> **Exercise brief**:
Since the records include pictures, leave those out while you reproduce exactly and only the lines from the one containing "This page presents" through the one containing "A股三大股指10月31日集体", inclusive.

> **Data shown**:
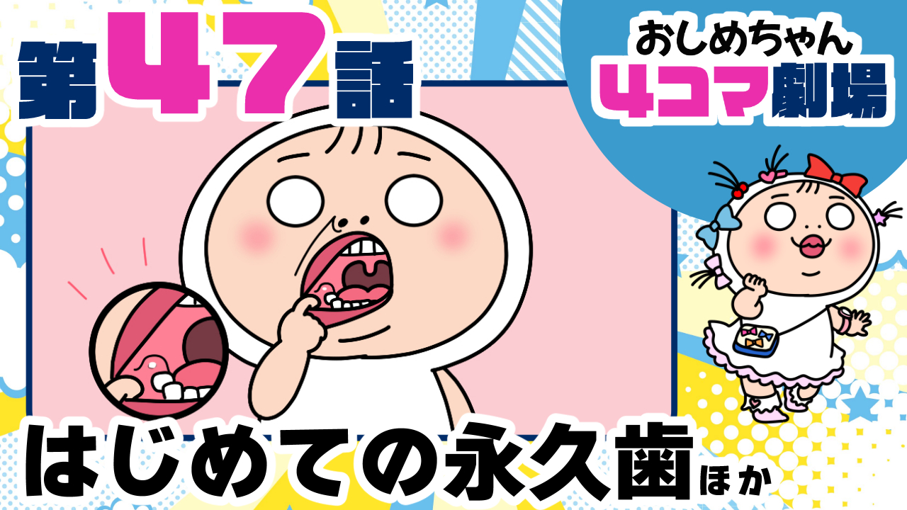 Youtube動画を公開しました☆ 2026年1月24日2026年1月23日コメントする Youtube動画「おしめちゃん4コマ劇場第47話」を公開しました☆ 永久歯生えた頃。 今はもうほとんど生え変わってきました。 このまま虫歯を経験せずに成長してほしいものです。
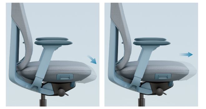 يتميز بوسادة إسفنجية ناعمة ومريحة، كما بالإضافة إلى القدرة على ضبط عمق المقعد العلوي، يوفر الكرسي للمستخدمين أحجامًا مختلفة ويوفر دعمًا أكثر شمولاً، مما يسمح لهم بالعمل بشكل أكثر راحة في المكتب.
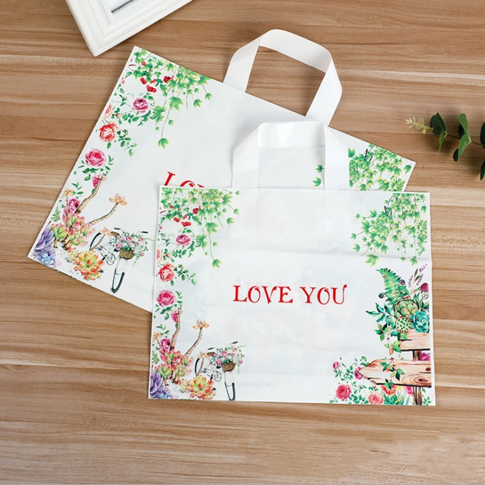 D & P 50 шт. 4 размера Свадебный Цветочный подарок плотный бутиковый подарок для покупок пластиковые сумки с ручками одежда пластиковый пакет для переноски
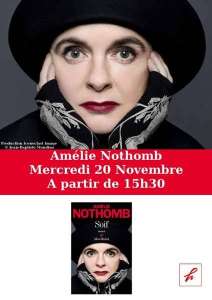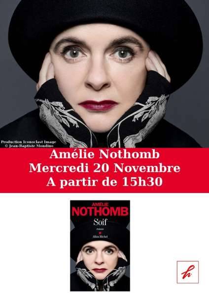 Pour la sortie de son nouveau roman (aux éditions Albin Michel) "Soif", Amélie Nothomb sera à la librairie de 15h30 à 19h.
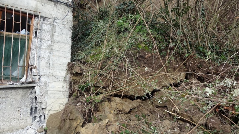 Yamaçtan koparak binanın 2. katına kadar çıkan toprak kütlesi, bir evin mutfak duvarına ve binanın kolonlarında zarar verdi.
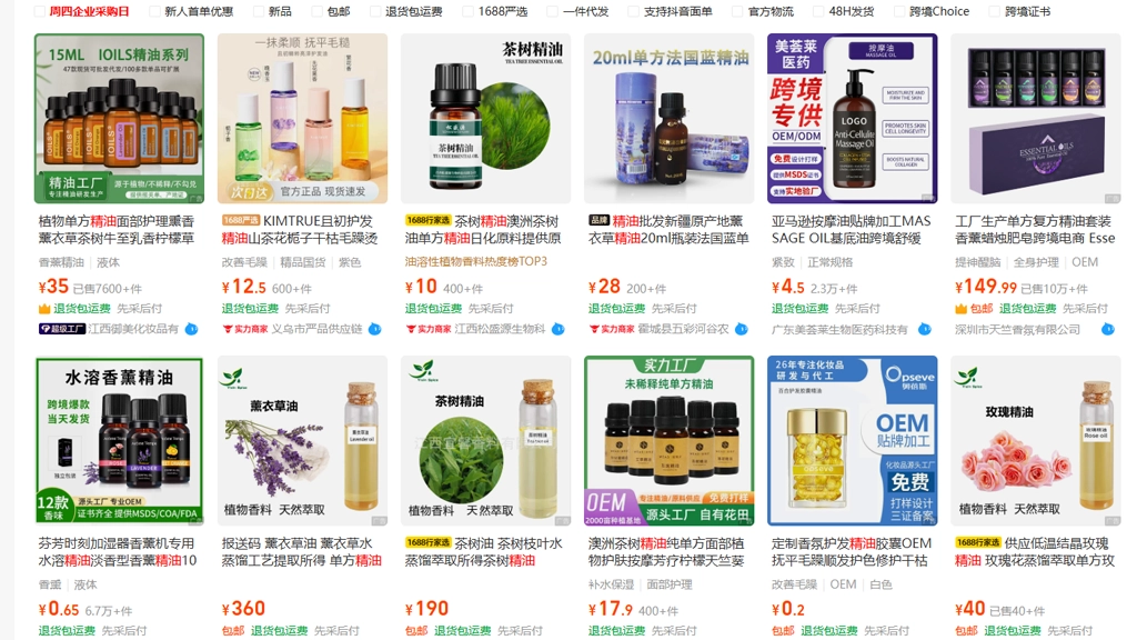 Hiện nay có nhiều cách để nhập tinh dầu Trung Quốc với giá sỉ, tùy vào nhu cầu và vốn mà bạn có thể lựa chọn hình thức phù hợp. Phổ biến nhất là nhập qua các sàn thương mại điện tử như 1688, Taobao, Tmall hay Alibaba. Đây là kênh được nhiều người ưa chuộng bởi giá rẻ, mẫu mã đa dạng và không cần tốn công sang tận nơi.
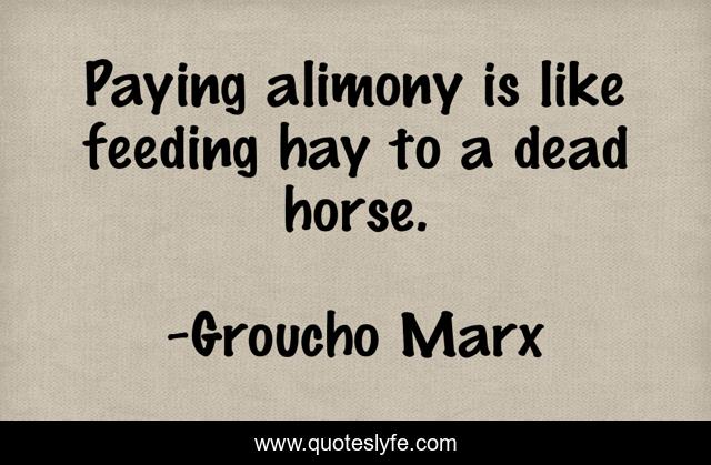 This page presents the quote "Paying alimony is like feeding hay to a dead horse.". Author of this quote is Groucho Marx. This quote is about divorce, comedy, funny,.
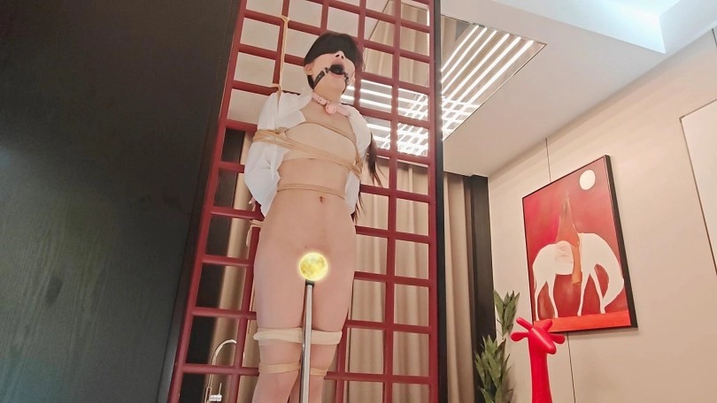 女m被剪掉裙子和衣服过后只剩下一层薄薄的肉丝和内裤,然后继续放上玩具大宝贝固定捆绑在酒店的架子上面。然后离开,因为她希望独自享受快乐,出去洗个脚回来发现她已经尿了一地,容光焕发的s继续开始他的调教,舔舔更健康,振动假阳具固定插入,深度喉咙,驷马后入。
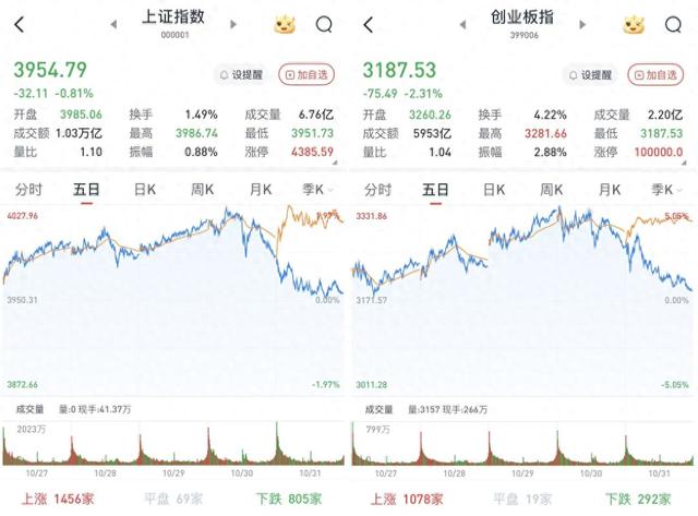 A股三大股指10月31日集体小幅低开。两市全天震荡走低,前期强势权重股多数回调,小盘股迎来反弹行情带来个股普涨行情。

* * *

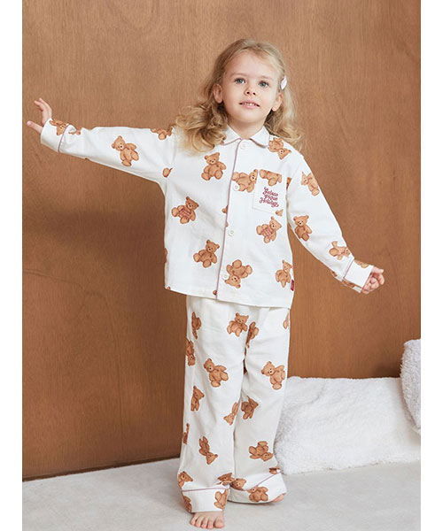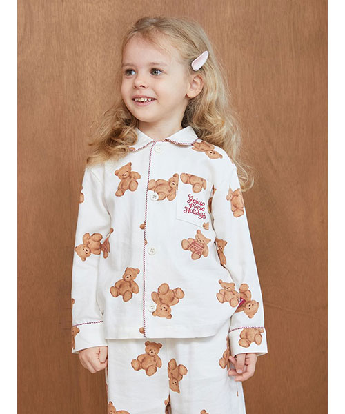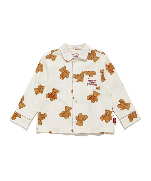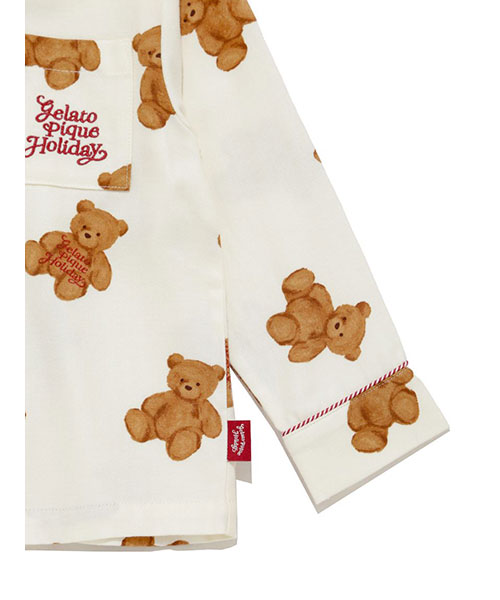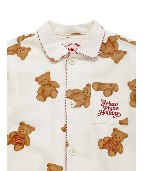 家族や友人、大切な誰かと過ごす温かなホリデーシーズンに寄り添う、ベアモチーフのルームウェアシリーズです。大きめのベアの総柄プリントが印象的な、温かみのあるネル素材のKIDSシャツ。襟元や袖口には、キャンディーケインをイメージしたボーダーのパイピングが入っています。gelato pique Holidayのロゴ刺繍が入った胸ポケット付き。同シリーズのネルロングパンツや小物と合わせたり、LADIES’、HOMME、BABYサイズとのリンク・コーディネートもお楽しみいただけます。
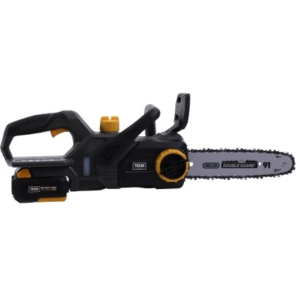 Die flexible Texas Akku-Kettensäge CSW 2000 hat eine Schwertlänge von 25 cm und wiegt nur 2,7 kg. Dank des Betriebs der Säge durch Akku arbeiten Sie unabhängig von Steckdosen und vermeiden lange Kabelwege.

...

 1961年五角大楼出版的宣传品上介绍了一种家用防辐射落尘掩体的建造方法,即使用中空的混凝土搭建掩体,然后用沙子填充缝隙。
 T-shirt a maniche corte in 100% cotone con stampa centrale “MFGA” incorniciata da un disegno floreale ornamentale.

> **Answer for this exercise**:
 This page presents the quote "Paying alimony is like feeding hay to a dead horse.". Author of this quote is Groucho Marx. This quote is about divorce, comedy, funny,.
 女m被剪掉裙子和衣服过后只剩下一层薄薄的肉丝和内裤,然后继续放上玩具大宝贝固定捆绑在酒店的架子上面。然后离开,因为她希望独自享受快乐,出去洗个脚回来发现她已经尿了一地,容光焕发的s继续开始他的调教,舔舔更健康,振动假阳具固定插入,深度喉咙,驷马后入。
 A股三大股指10月31日集体小幅低开。两市全天震荡走低,前期强势权重股多数回调,小盘股迎来反弹行情带来个股普涨行情。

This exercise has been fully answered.